=== Begin Enclosure ===

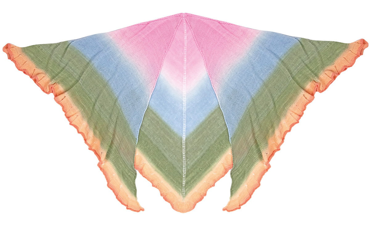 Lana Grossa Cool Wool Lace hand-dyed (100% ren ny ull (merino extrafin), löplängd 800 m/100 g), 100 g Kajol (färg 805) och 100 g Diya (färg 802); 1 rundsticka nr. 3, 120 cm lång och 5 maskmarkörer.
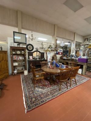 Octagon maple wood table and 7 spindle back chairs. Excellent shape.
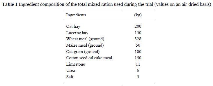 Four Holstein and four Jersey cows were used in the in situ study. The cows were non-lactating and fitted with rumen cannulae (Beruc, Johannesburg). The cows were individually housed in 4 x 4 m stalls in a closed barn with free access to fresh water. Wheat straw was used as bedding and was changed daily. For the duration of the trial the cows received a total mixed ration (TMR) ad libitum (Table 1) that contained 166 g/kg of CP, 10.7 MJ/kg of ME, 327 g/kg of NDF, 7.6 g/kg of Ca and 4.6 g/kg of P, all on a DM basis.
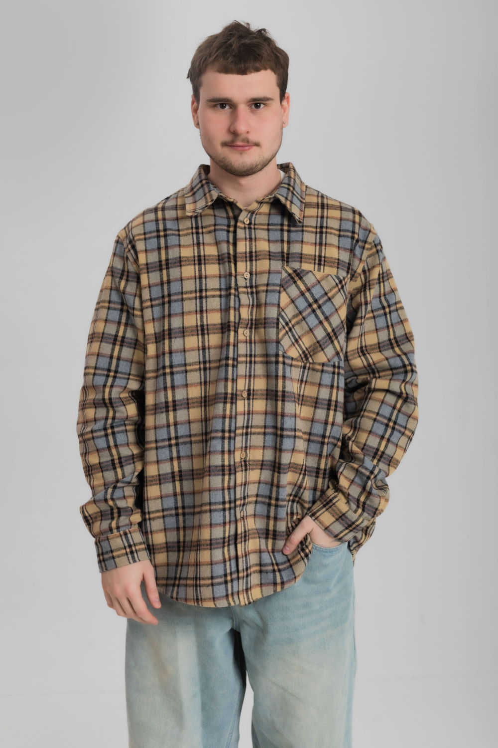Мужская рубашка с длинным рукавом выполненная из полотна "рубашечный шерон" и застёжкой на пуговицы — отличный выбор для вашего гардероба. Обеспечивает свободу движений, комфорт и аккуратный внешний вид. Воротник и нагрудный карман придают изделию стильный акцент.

=== End Enclosure ===

Nothing but the listing, copied exactly and stripped of its images, should appear in the response.

 Lana Grossa Cool Wool Lace hand-dyed (100% ren ny ull (merino extrafin), löplängd 800 m/100 g), 100 g Kajol (färg 805) och 100 g Diya (färg 802); 1 rundsticka nr. 3, 120 cm lång och 5 maskmarkörer.
 Octagon maple wood table and 7 spindle back chairs. Excellent shape.
 Four Holstein and four Jersey cows were used in the in situ study. The cows were non-lactating and fitted with rumen cannulae (Beruc, Johannesburg). The cows were individually housed in 4 x 4 m stalls in a closed barn with free access to fresh water. Wheat straw was used as bedding and was changed daily. For the duration of the trial the cows received a total mixed ration (TMR) ad libitum (Table 1) that contained 166 g/kg of CP, 10.7 MJ/kg of ME, 327 g/kg of NDF, 7.6 g/kg of Ca and 4.6 g/kg of P, all on a DM basis.
Мужская рубашка с длинным рукавом выполненная из полотна "рубашечный шерон" и застёжкой на пуговицы — отличный выбор для вашего гардероба. Обеспечивает свободу движений, комфорт и аккуратный внешний вид. Воротник и нагрудный карман придают изделию стильный акцент.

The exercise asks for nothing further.